Following 'FIND' regex does the job (for now):

<(category) name="Content Server Categories:(.+?)">(.+)</(category)>

Now i need the XML to be replaced by this:

<category-FOLDER:testcategory name="Content Server Categories:FOLDER:test category">
    <attribute name="test attribuut"><![CDATA[test]]></attribute>
    <attribute name="test attribuut1"><![CDATA[test1]]></attribute>
</category-FOLDER:testcategory>

Currently i tried using this 'REPLACE BY' regex:

<($1-$2) name="Content Server Categories:($2)">($3)</($1-$2)>

But that gives to following output:

<category-FOLDER:test category name="Content Server Categories:FOLDER:test category">
    <attribute name="test attribuut"><![CDATA[test]]></attribute>
    <attribute name="test attribuut1"><![CDATA[test1]]></attribute>
</category-FOLDER:test category>

As you can see i get category-FOLDER:test category instead of category-FOLDER:testcategory

The space(s) needs to be removed..

The problem is that the input can look different. Now it is this:

<category name="Content Server Categories:FOLDER:test category">

But it could look like these examples as well:

<category name="Content Server Categories:FOLDER1:FOLDER2:test category">

<category name="Content Server Categories:FOLDER NAME:test category">

<category name="Content Server Categories:FOLDER NAME: FOLDER NAME1:test category">

<category name="Content Server Categories:FOLDER:test category name">

...

How do I catch all of these correctly and remove the spaces?

EDIT: Almost forgot,

'. Matches newline' is __ON__

1 Answers

2
The fourth bird On Best Solutions

One approach could be to do it in 2 steps due to the replacement of the multiple spaces afterwards.

Get the required structure (Note to use the non greedy version .*? to prevent over matching):

<(category) name="Content Server Categories:(.+?)">(.+?)</(category)>

Regex demo

In the replacement use your replacement without the parenthesis or else they would be included in the replacement:

<$1-$2 name="Content Server Categories:$2">$3</$1-$2>

Then match the spaces making use of repetitive matches using \G:

(?:</?category-|\G(?!^))\K\s*([\w:]+) (?!name=)

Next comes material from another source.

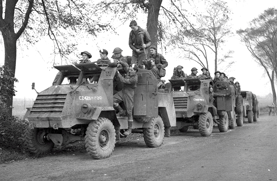 Infantrymen of The Royal Hamilton Light Infantry in General Motors C15TA armoured trucks, Krabbendijke, Netherlands, 27 October 1944.

In the replacement replace the whitespaces with capturing group 1 $1

Explanation

  • (?: Non capturing group
    • </?category-FOLDER Match text with an optional /
    • | Or
    • \G(?!^) Assert position at the end of the previous match
  • ) Close non capturing group
  • \K\s* Forget what was previously matched and then match 0+ whitespace chars
  • ([\w:]+) Capture in group 1 matching 1+ times a word char or :
  • (?!name=) Assert what is on the right is not a not 'name='

Regex demo